そして、日本人で一番多いのが「流行りのファッションを気にするタイプ」ではないでしょうか。都心へ出かけると、女子大生やOLさんの多くが「今流行りで今トレンドのもの」を身に着けて歩いているので、とても似通ったファッションに身を包んだ人が多く存在します。流行りを気にしたファッションを好む人は、とても同調性が高い人と言っても良いかもしれません。みんなと同じということに安心感を感じるのです。逆に考えると、みんなと同じじゃないと不安を感じてしまうといったように、あまり自分に自信がないタイプの人と言っても良いでしょう。自信がないために、他者からの評価を気にしてしまったり、他人に依存しやすい傾向があるかもしれません。
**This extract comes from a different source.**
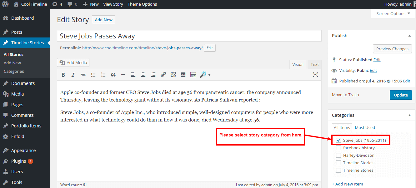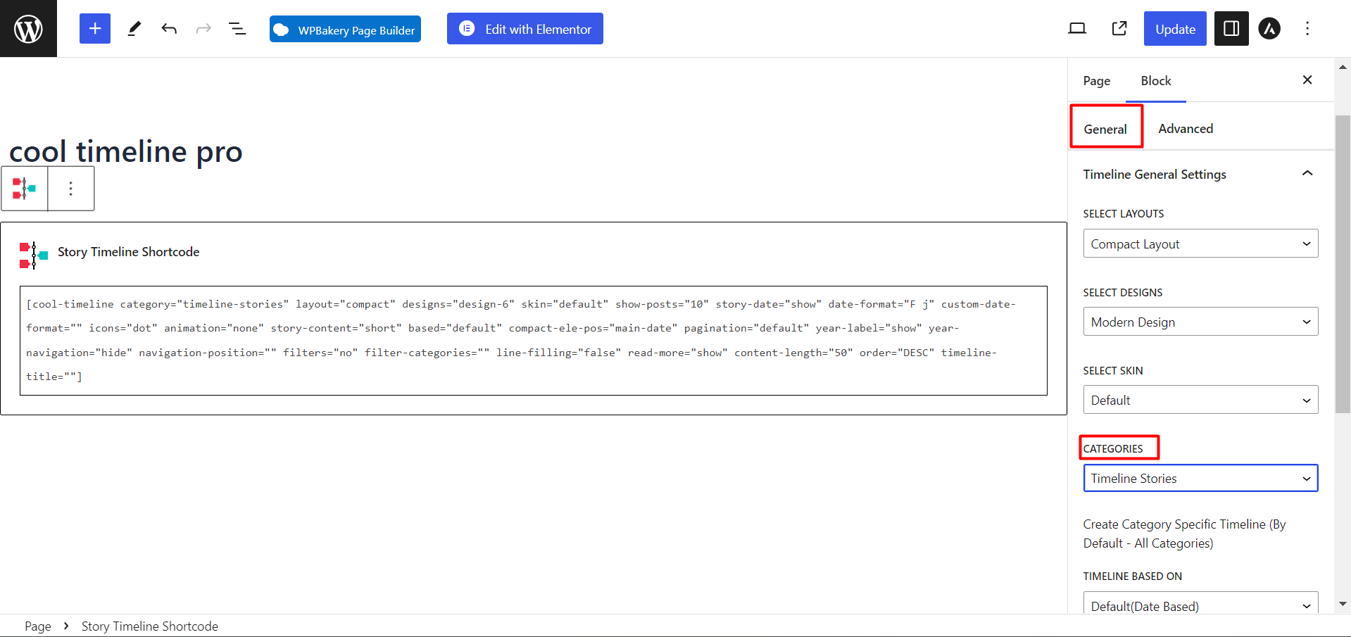 1. Go to Timeline Stories > Categories and add categories for your multiple timelines.

様々な好みのファッションの心の表れについて、具体例で考えてみましたが自分が好きなファッションをすることにより、セルフイメージが向上し自信をもつことも可能だと言えるでしょう。「人は見た目が9割」とも言ったりしますが、見た目や外見を磨いくことにより、人から褒められたりして自信がつくようなこともあると思います。自信がつくと、人とのコミュニケーションをより活発におこなうことが出来たり、自分の意見を主張するといったようなこともできるようになると思います。ですので、自己肯定感が低い人や自分になかなか自信がもてない人は、ファッションを通して、心に変化をもたらすという方法を考えてみても良いかもしれませんね。